Would you give the listing again exactly as written, minus its pictures?
** Material provided follows **
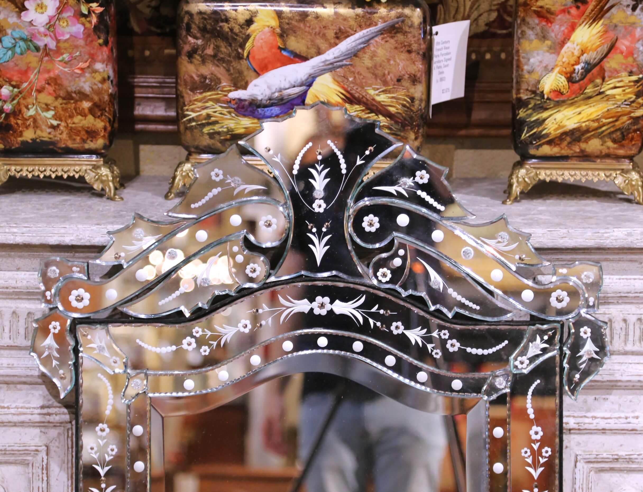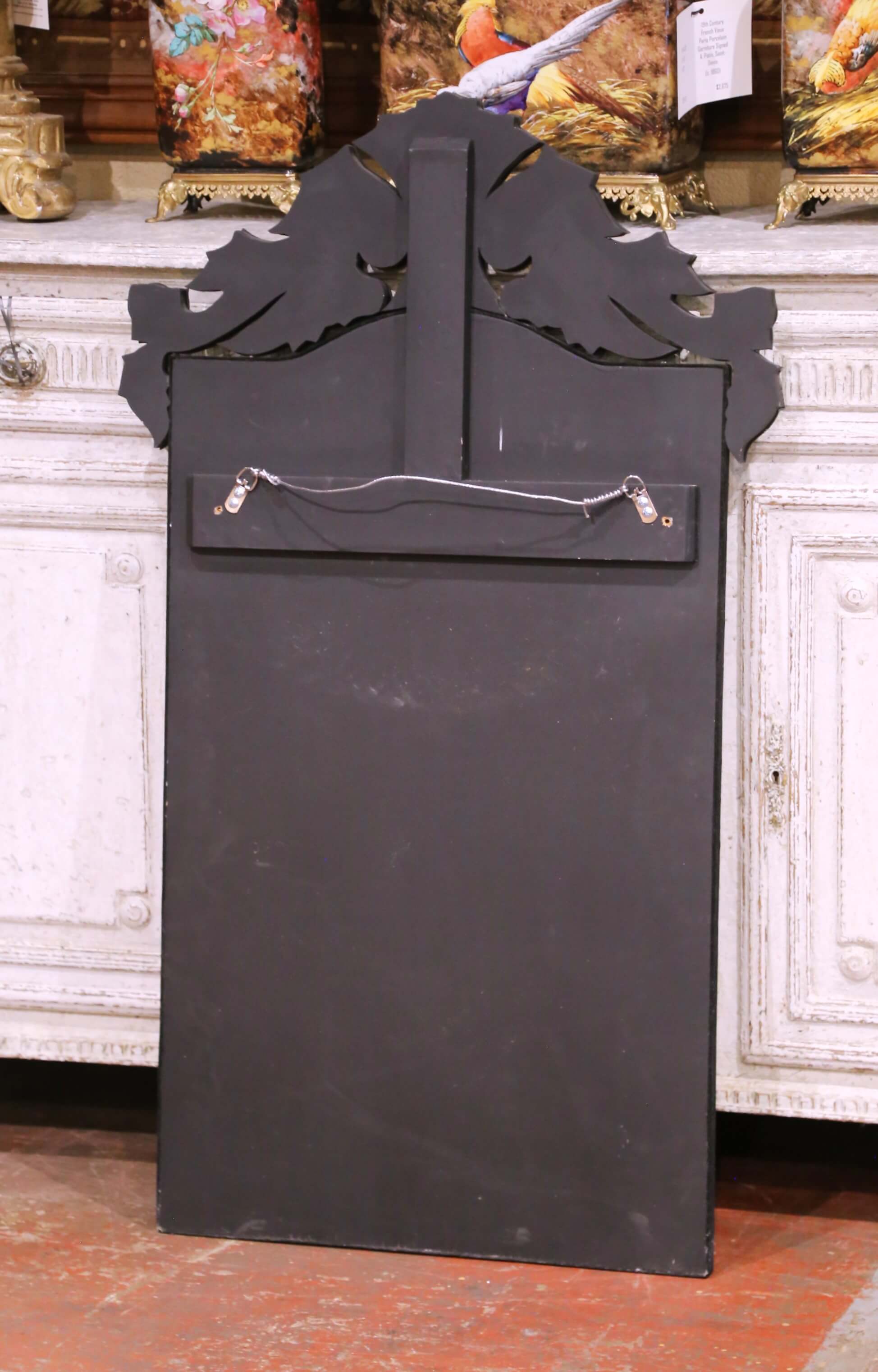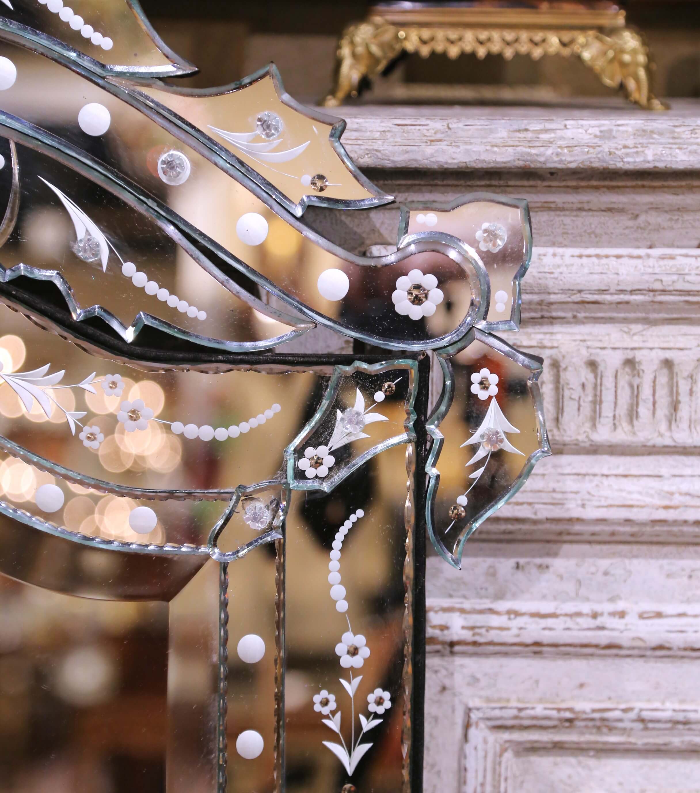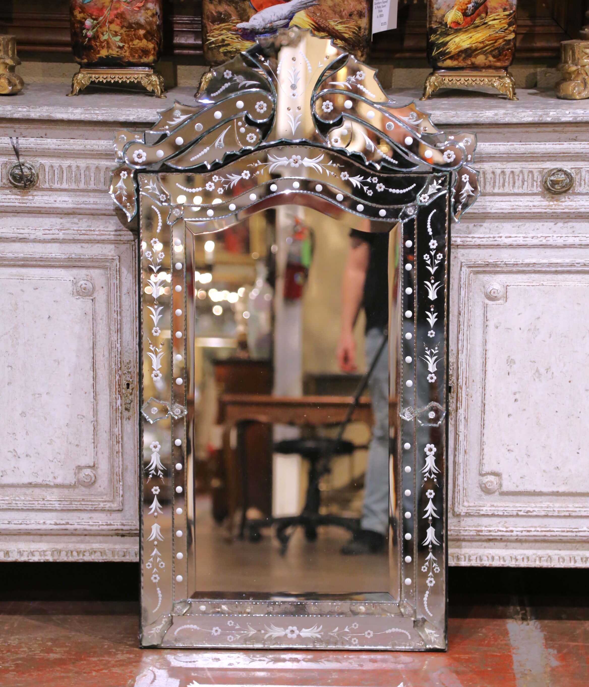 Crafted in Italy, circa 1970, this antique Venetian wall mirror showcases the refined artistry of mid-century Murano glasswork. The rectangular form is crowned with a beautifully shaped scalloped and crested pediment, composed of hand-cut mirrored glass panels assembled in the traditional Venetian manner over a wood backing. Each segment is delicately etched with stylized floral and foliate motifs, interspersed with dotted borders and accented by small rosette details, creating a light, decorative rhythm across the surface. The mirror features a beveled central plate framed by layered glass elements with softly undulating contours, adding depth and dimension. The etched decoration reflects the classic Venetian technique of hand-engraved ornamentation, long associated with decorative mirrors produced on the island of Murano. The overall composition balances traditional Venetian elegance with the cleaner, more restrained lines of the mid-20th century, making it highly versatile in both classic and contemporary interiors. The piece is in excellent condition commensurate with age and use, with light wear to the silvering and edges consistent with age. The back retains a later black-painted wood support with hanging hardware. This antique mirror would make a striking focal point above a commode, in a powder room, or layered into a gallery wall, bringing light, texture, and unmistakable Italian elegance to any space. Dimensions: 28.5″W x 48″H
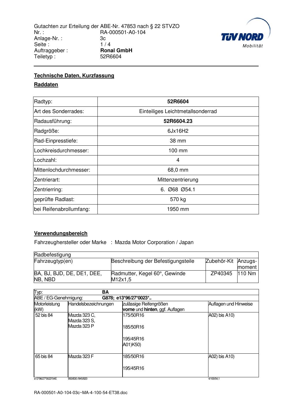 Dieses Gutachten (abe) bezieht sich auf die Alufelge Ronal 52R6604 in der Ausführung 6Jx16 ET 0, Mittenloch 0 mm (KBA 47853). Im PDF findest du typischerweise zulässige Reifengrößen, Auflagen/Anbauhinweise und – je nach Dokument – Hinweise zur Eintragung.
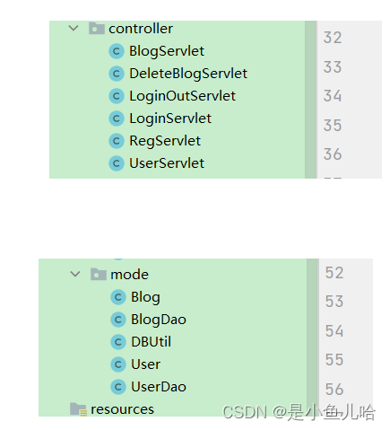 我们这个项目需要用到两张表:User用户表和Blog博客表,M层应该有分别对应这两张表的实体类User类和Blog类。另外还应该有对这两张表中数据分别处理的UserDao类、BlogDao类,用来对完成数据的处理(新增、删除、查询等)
** End of Material provided **
Written response:
 Crafted in Italy, circa 1970, this antique Venetian wall mirror showcases the refined artistry of mid-century Murano glasswork. The rectangular form is crowned with a beautifully shaped scalloped and crested pediment, composed of hand-cut mirrored glass panels assembled in the traditional Venetian manner over a wood backing. Each segment is delicately etched with stylized floral and foliate motifs, interspersed with dotted borders and accented by small rosette details, creating a light, decorative rhythm across the surface. The mirror features a beveled central plate framed by layered glass elements with softly undulating contours, adding depth and dimension. The etched decoration reflects the classic Venetian technique of hand-engraved ornamentation, long associated with decorative mirrors produced on the island of Murano. The overall composition balances traditional Venetian elegance with the cleaner, more restrained lines of the mid-20th century, making it highly versatile in both classic and contemporary interiors. The piece is in excellent condition commensurate with age and use, with light wear to the silvering and edges consistent with age. The back retains a later black-painted wood support with hanging hardware. This antique mirror would make a striking focal point above a commode, in a powder room, or layered into a gallery wall, bringing light, texture, and unmistakable Italian elegance to any space. Dimensions: 28.5″W x 48″H
 Dieses Gutachten (abe) bezieht sich auf die Alufelge Ronal 52R6604 in der Ausführung 6Jx16 ET 0, Mittenloch 0 mm (KBA 47853). Im PDF findest du typischerweise zulässige Reifengrößen, Auflagen/Anbauhinweise und – je nach Dokument – Hinweise zur Eintragung.
 我们这个项目需要用到两张表:User用户表和Blog博客表,M层应该有分别对应这两张表的实体类User类和Blog类。另外还应该有对这两张表中数据分别处理的UserDao类、BlogDao类,用来对完成数据的处理(新增、删除、查询等)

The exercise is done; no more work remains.